One for the Math Geeks

After the world’s most intense game of Spider SOLITAIRE played by Spider GM, two International Masters and three coloured blobs from Among Us, followed by some rather detailed post-mortem analysis I think now is a good time for some light relief with some rot13(zngurzngvpny znfgheongvba). More specifically, we answer the following question: if cards are dealt one at a time from a perfectly shuffled deck, how long do we have to wait until a full suit appears?

The relevance to Spider Solitaire players should be pretty clear: we have absolutely no control over what cards turns up. If, for example, there are no Queens in the first 20 cards then the chances of the next turnover being a Queen are exactly 8 in 84 – no amount of skilled or unskilled play can fight the basic laws of probability. All you can do is hope to mitigate the effects of not getting any Queens in the first 20 cards with skilful play. Similar considerations apply if you’re in the middle-game desperately waiting on the Three of Diamonds to complete a full suit.

If you insist on shifting the odds, we can commit the cardinal sin of Spider Solitaire by using rot13(haqb). Alternatively, we can somehow fail to obtain any turnovers in the tableau for the remainder of the game – in either case, the mere thought is too horrible to contemplate.

There is one minor complication: when dealing from the stock 10 cards appear simultaneously (which I mentioned more than once during the post-mortem of the Among-Us game). Here we will assume they appear sequentially. In the example below, a row of 10 cards has just been dealt. There are 61 cards visible, and by the time the Three of Diamonds is dealt we see every card in Diamonds. In other words, we needed 60 cards to obtain a full suit.

Clearly, the minimum number of cards required is 13 and the maximum is 96 (if we get e.g. no Kings until the last eight cards). During the Among Us game I thought we were fairly lucky to see a full suit after 60 cards. From experience I would expect we need more cards visible before the chances of seeing a full suit are 50%. However, I never bothered to quantify this. Fortunately, it is relatively straightforward to run a computer simulation. We might simulate X hands and find e.g. we need on average Y cards instead of 60 before there is an even chance of finding a complete suit. If Y cards corresponds to the Zth percentile then we would know where we stand in terms of how lucky we were.

In this case, I ran 5000 iterations and found 60 or lower cards were needed to achieve a complete suit 1176 times. This corresponds to the 22nd or 23rd percentile. The mean and median is closer to 66.5 and 67.0 respectively.

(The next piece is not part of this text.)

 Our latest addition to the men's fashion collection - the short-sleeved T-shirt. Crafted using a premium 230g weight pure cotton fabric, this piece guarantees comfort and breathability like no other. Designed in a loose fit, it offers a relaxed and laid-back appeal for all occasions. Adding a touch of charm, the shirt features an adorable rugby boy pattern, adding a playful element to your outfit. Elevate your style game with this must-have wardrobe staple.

As I suspected, we did get lucky with the Diamond suit, but nowhere near enough to justify improvising a rap song with the phrase “statistically significant” appearing once every ten seconds. To put this in Dungeons & Dragons terms, if this game of Spider Solitaire were a character, then we would have rolled better-than-average initial stats for complete-suits, but nobody in their right mind would accuse the dice of being rigged. Presumably we would have lousy initial stats for other abilities such as turnovers or shortages of particular ranks etc (I did have some misgivings about our winning chances during this hand therefore something had to be lousy), but unfortunately there is only so far one can go with the Dungeons & Dragons analogy.

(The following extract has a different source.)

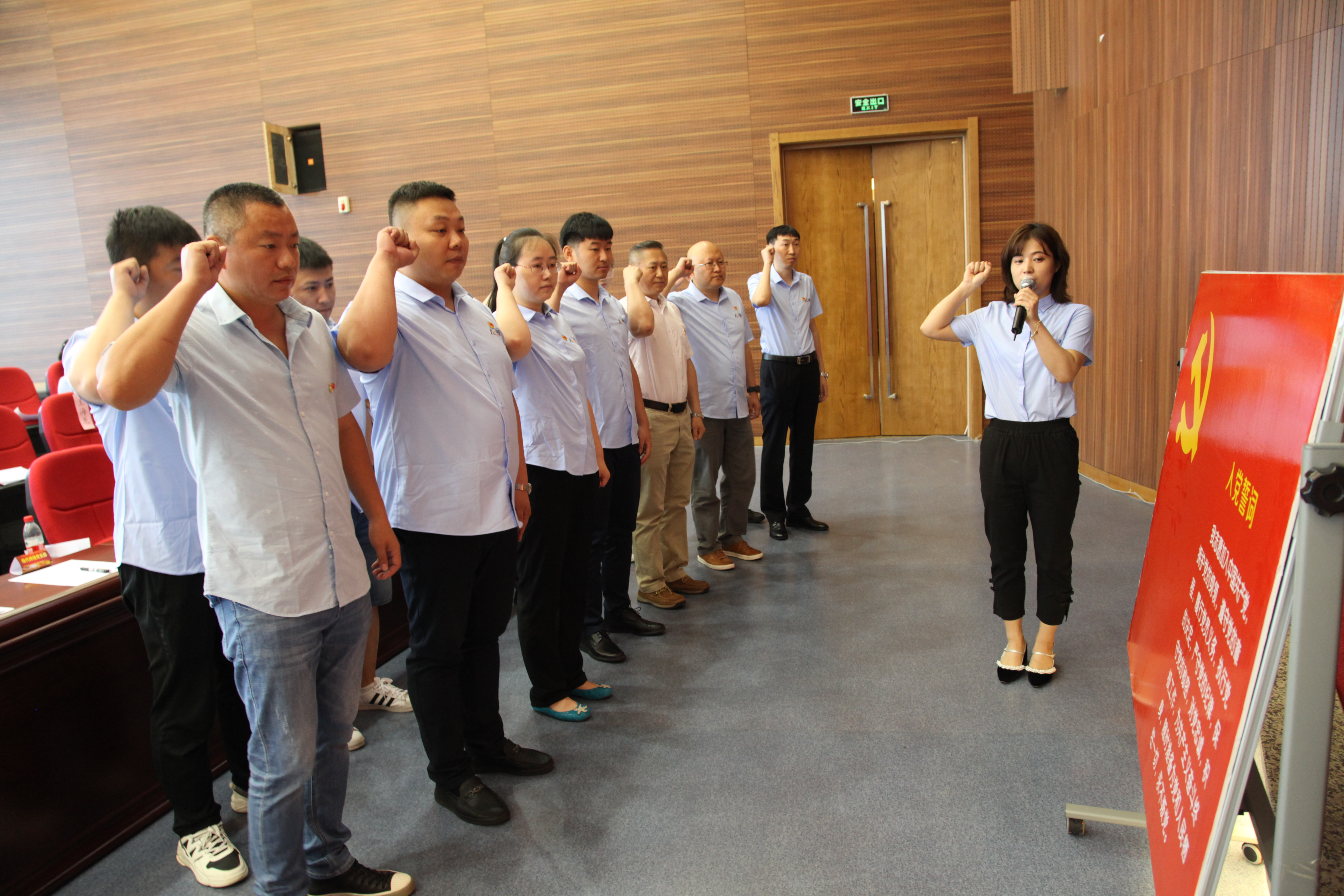 會議在莊嚴國歌聲中拉開序幕。2020、2021年新發展的黨員高舉右拳莊嚴宣誓,鏗鏘有力的誓言表達了為共產主義事業奮斗終身的決心。隨后,黨委委員、副總經理雷振代表黨委宣讀了先優表彰決定,領導班子成員為受到表彰的先進集體和優秀個人頒發獎牌。

Without the ability to remove Diamonds, I expect we would have been in more trouble than Ian Nepomniachtchi’s Bishop getting harassed by both Black rooks after capturing a poisoned pawn in Game 9 of the World Chess Championship since no other suit is close to completion. I’m not sure what’s the best way to test this conjecture via simulation, so if you have any clever ideas, please leave a comment 😊

Intermezzo

In Microsoft Window’s Spider Solitaire I found an unusual feature/bug: if a player completes a suit he receives a 100-point bonus but is not penalised 1 point for the move. For instance, suppose we have K-Q-J-T-9 of Hearts in one column and 8-7-6-5-4-3-2-A of Hearts in another and our score is 458. If we clear Hearts our score becomes 558, not 557. Another example: suppose we have no completed suits, a score of 400 and our target is to win with 1000+ points. The maximum number of moves we have is 208, not 200.

Note that clearing a suit is automatic, so we don’t have the option of completing the suit but refusing to move it do the foundations. In rare circumstances this option may be desirable, but giving an example is left as the proverbial exercise for the reader.

Here’s another fun question: what is the theoretical minimum number of moves required to beat Spider Solitaire if the cards fall perfectly?

To avoid accidentally revealing spoilers, I will insert the lyrics for one of my favourite anti-smoking songs.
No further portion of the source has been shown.